The present invention is the basis with the nonlexicalized parser; Semantic information is incorporated wherein; Utilize semantic information to help syntactic analysis to carry out disambiguation, the parser performance is obviously promoted, and can obtain the semantic information of part speech through the parser of this fusion semantic information.

Claims

1. a Chinese syntactic analysis and a coding/decoding method that combines semantic information the steps include:

1), obtains by the index of speech to semantic type according to knowing that the hyponymy of netting extracts the semantic classes of the different levels of speech;

2) inquire about semantic type that obtains this speech with the speech in the syntax tree as key-value pair knowledge net, and semantic type is added on the preparatory terminal symbol layer of syntax tree;

3) with step 2) syntax tree after handling is as training data, adopts nonlexicalized syntactic analysis model to carry out syntax training, wherein adopts the mode of division automatically, merging to carry out refinement for non-preparatory terminal symbol, obtains grammatical model;

4) utilize the grammatical model after step 3) is trained that sentence to be analyzed is decoded.

2. the method for claim 1 is characterized in that comprising part of speech information in institute's predicate.

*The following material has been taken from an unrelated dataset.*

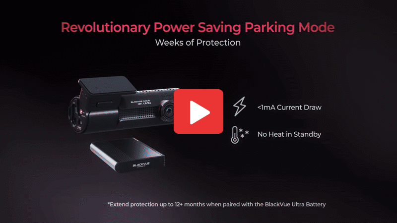 - Consumes less than 1 milliamp of current—it won't drain your car's battery and can run for weeks on a new battery, or up to a year with the dedicated BlackVue Ultra Battery (B-130A). - Generates virtually no heat, making it perfect for running in hot parked cars without shutting down. - Fast Boot feature allows it to start recording an Event in less than 1 second after an impact is detected.

3. method as claimed in claim 2 is characterized in that with speech and part of speech being that key-value pair knowledge net is inquired about semantic type that obtains this speech.

4. like claim 1 or 3 described methods, it is characterized in that same one deck of knowing net is inquired about for semantic type, semantic type that all speech inquiries are obtained is in same one deck in knowing net.

5. the method for claim 1 is characterized in that if there are a plurality of different semantics classes in word, then chooses first the semantic type semantic class as this speech in a plurality of semantemes, or adopts the mode of artificial mark based on context to select.